The evidence suggests that health reform should be at the top of the policy agenda. In this testimony, I will review this evidence by offering a snapshot of the system, a description of key trends, and a review of the research on the implications of our broken health system. In addition, I will offer several observations on the solutions that are being debated.

But before doing so, I want to note that you are in good company in focusing on this challenge. Economists from the Congressional Budget Office, the Governmental Accountability Office, and most major think tanks agree on the imperative of tackling the health system problems. The Director of CBO recently noted, “No other single factor will exert as much influence over the federal government’s long-term fiscal balance as the future growth rate of costs in the health care sector.” Addressing health costs requires addressing access, as another economist observed: “Covering nearly all Americans is a precondition for effective measures to limit overall health care spending.” This is echoed by business leaders ranging from the CEOs of General Motors to Wal-Mart and organizations from the Business Roundtable to the National Federation of Independent Businesses. Patient groups have picked up the refrain. For example, the American Cancer Society has dedicated its entire advertising budget this year to ads on the importance of coverage. And public opinion is strong: addressing health care is a top, if not the top, domestic policy priority among voters.

Snapshot

Nearly one in five of all Americans reports needing health care but not being able to access it due to cost. This largely results from lack of health insurance. About one in six Americans lacks health insurance at any point in time. To put this into perspective, 47 million uninsured Americans is double the number of people with diabetes. It is also more the number of people who live on the entire west coast of the United States or in Canada (Figure 1). This estimate does not capture all the people affected by gaps in coverage. Looking over a two-year period, a government study found that 82 million – one-third – of all non-elderly Americans experienced a gap in coverage (Figure 2). Research suggests that access for people with short gaps in coverage is more similar to the long-term uninsured than insured population.

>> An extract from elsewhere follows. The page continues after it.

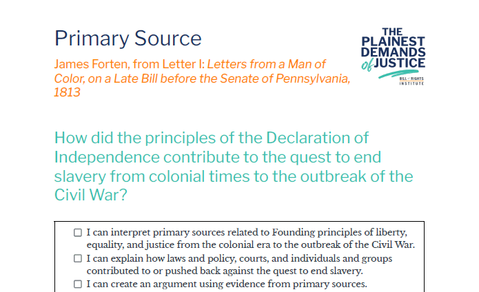 James Forten, from Letter I: Letters from a Man of Color, on a Late Bill before the Senate of Pennsylvania, 1813

Even though the lack of coverage is common, certain populations are at greater risk of being uninsured than others. Health coverage varies by age (Figure 3). Medicare provides universal coverage for our nation’s seniors, while Medicaid and the State Children’s Health Insurance Program (SCHIP) have given children the second-lowest rate of uninsurance. Young adults have the highest uninsured rate, largely because they experience significant work and family transitions. While older adults have a relatively low uninsured rate, they face a different risk. They have less employer-sponsored insurance and greater difficulty accessing affordable insurance in the individual market.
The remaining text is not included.